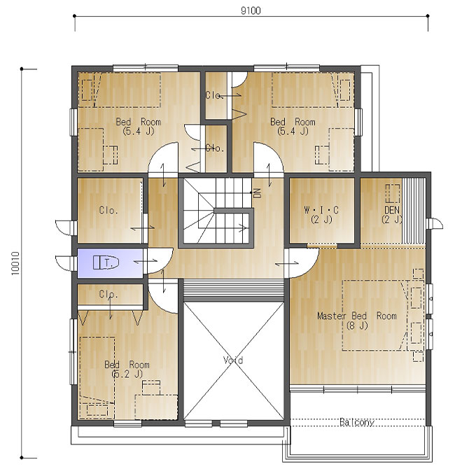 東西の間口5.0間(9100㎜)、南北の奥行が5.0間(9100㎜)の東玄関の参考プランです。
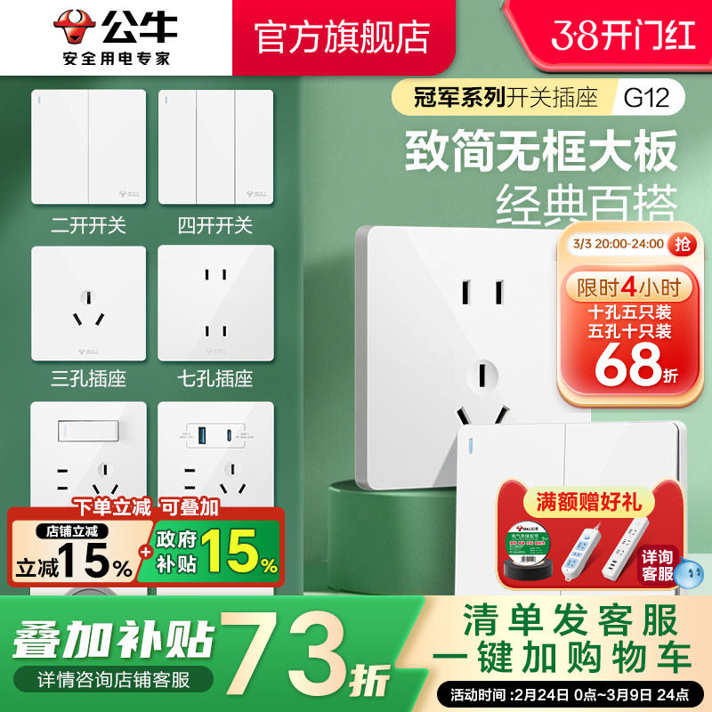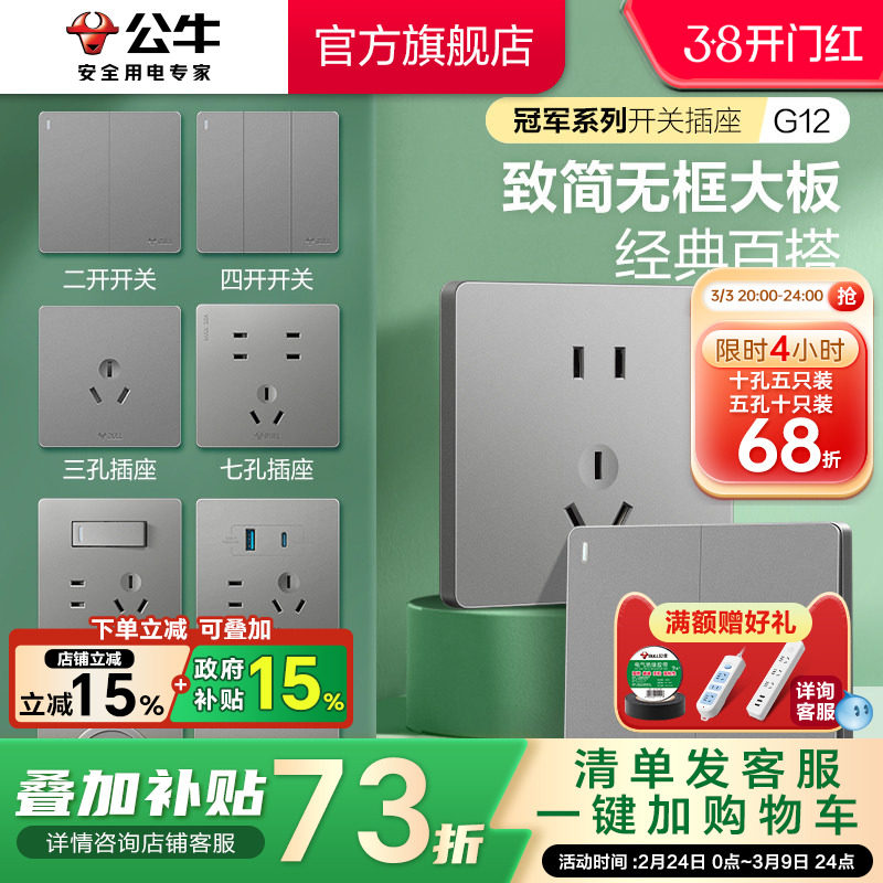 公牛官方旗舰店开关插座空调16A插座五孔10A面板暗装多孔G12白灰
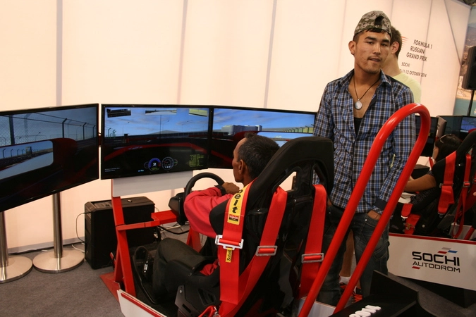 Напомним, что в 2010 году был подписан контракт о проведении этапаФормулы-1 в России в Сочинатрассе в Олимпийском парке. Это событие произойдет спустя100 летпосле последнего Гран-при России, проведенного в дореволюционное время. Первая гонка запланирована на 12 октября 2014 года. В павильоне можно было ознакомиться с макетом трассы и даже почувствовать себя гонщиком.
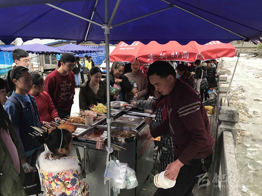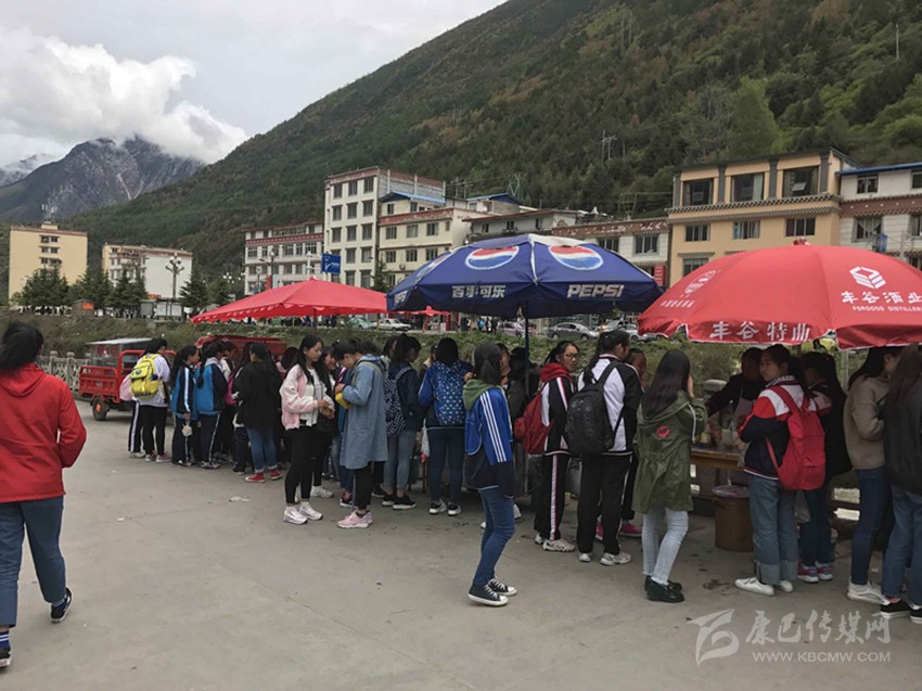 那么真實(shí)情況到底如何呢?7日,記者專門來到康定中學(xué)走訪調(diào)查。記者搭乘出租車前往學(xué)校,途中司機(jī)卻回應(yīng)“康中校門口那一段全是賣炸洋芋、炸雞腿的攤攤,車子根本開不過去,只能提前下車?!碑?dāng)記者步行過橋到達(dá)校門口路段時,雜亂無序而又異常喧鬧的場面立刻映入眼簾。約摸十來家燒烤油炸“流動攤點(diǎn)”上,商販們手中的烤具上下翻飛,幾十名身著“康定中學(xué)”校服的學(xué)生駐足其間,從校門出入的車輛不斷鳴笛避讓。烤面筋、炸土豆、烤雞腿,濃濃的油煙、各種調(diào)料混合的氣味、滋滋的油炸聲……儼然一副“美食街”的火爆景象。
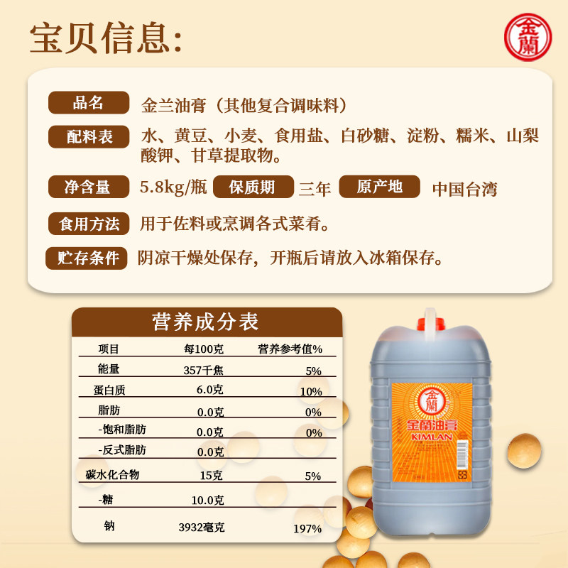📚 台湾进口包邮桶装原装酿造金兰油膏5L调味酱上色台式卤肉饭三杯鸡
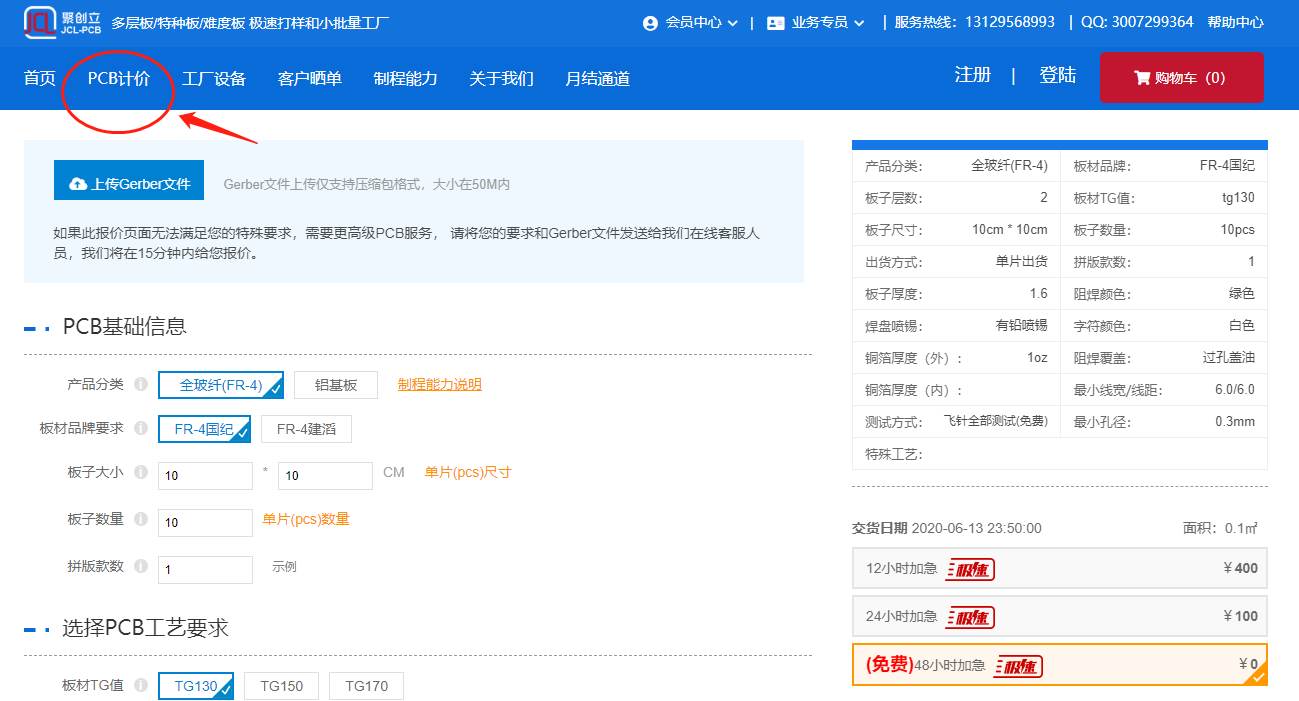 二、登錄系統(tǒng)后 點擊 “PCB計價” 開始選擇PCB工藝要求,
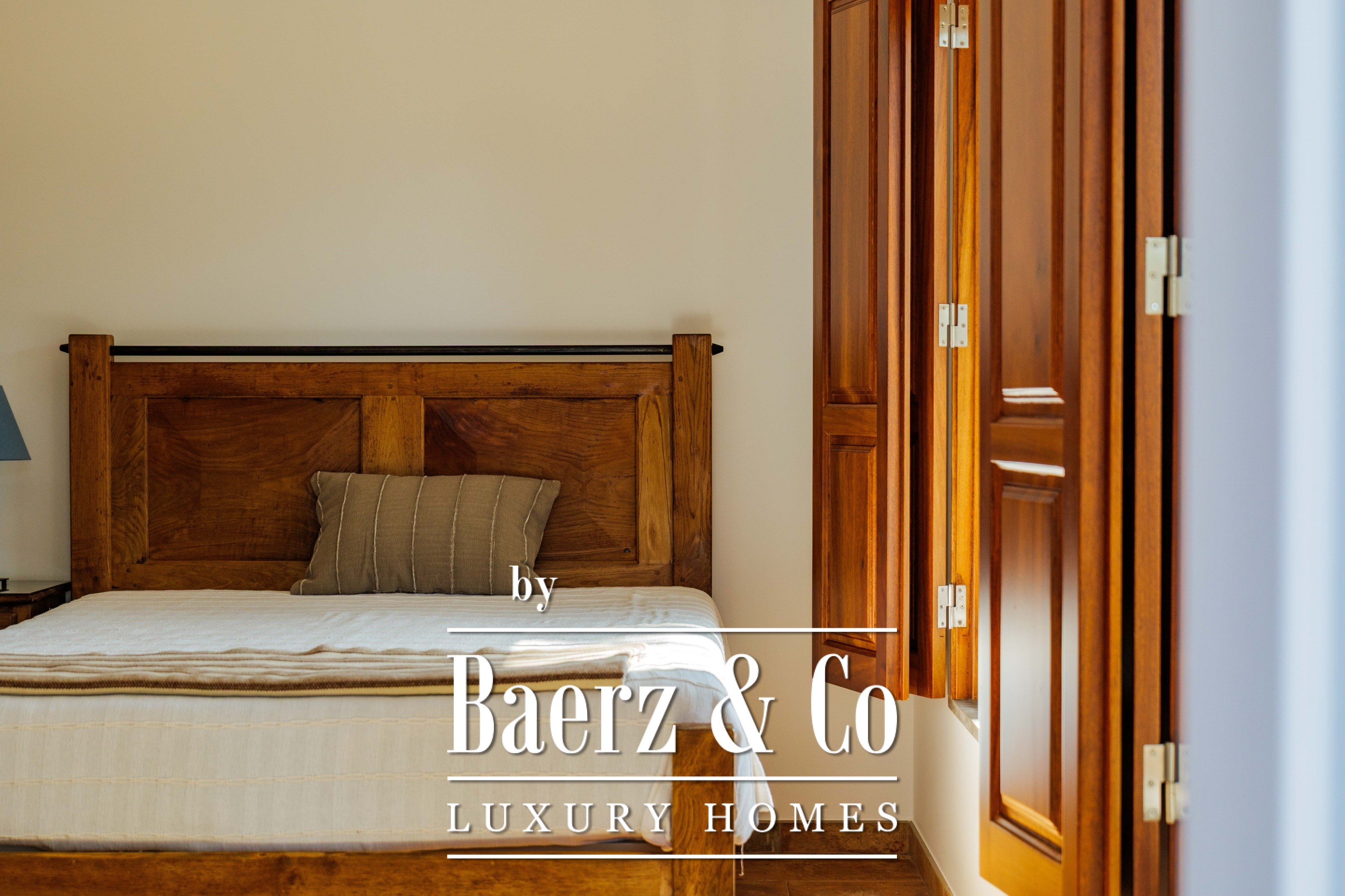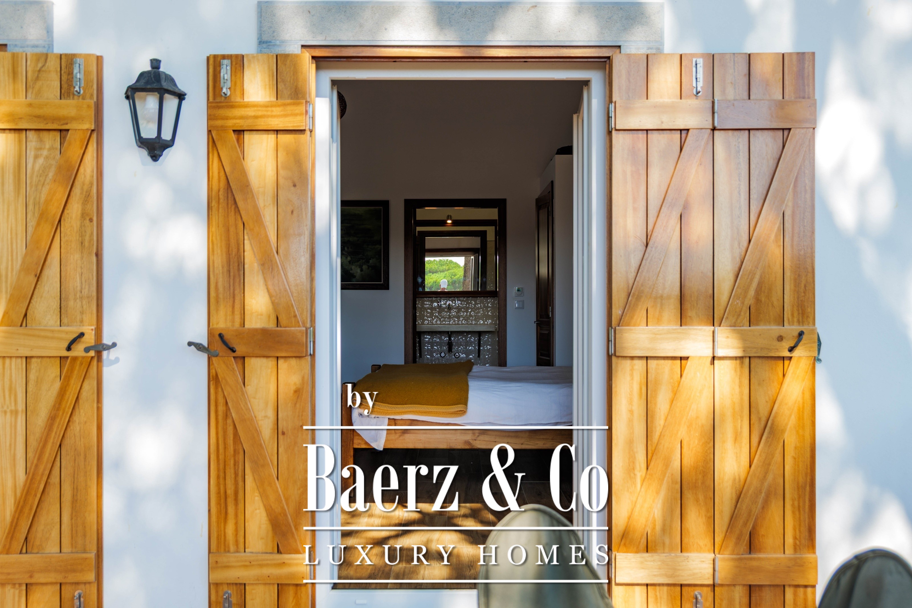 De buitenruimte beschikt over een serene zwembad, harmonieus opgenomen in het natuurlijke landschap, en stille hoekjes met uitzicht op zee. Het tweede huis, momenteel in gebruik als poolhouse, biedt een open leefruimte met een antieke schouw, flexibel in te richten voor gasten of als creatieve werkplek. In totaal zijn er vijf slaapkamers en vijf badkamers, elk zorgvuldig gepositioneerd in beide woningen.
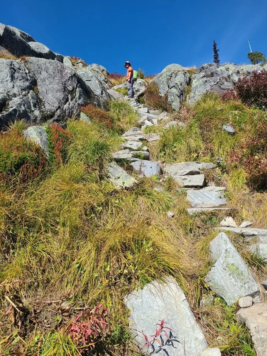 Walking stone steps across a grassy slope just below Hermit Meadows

WHAT THE TASK REQUIRES:
Word for word, reproduce each line from the one with "Напомним, что в" through the last line of the material above, both included, and drop the pictures.

TASK RESULT:
 Напомним, что в 2010 году был подписан контракт о проведении этапаФормулы-1 в России в Сочинатрассе в Олимпийском парке. Это событие произойдет спустя100 летпосле последнего Гран-при России, проведенного в дореволюционное время. Первая гонка запланирована на 12 октября 2014 года. В павильоне можно было ознакомиться с макетом трассы и даже почувствовать себя гонщиком.
 那么真實(shí)情況到底如何呢?7日,記者專門來到康定中學(xué)走訪調(diào)查。記者搭乘出租車前往學(xué)校,途中司機(jī)卻回應(yīng)“康中校門口那一段全是賣炸洋芋、炸雞腿的攤攤,車子根本開不過去,只能提前下車?!碑?dāng)記者步行過橋到達(dá)校門口路段時,雜亂無序而又異常喧鬧的場面立刻映入眼簾。約摸十來家燒烤油炸“流動攤點(diǎn)”上,商販們手中的烤具上下翻飛,幾十名身著“康定中學(xué)”校服的學(xué)生駐足其間,從校門出入的車輛不斷鳴笛避讓。烤面筋、炸土豆、烤雞腿,濃濃的油煙、各種調(diào)料混合的氣味、滋滋的油炸聲……儼然一副“美食街”的火爆景象。
📚 台湾进口包邮桶装原装酿造金兰油膏5L调味酱上色台式卤肉饭三杯鸡
 二、登錄系統(tǒng)后 點擊 “PCB計價” 開始選擇PCB工藝要求,
 De buitenruimte beschikt over een serene zwembad, harmonieus opgenomen in het natuurlijke landschap, en stille hoekjes met uitzicht op zee. Het tweede huis, momenteel in gebruik als poolhouse, biedt een open leefruimte met een antieke schouw, flexibel in te richten voor gasten of als creatieve werkplek. In totaal zijn er vijf slaapkamers en vijf badkamers, elk zorgvuldig gepositioneerd in beide woningen.
 Walking stone steps across a grassy slope just below Hermit Meadows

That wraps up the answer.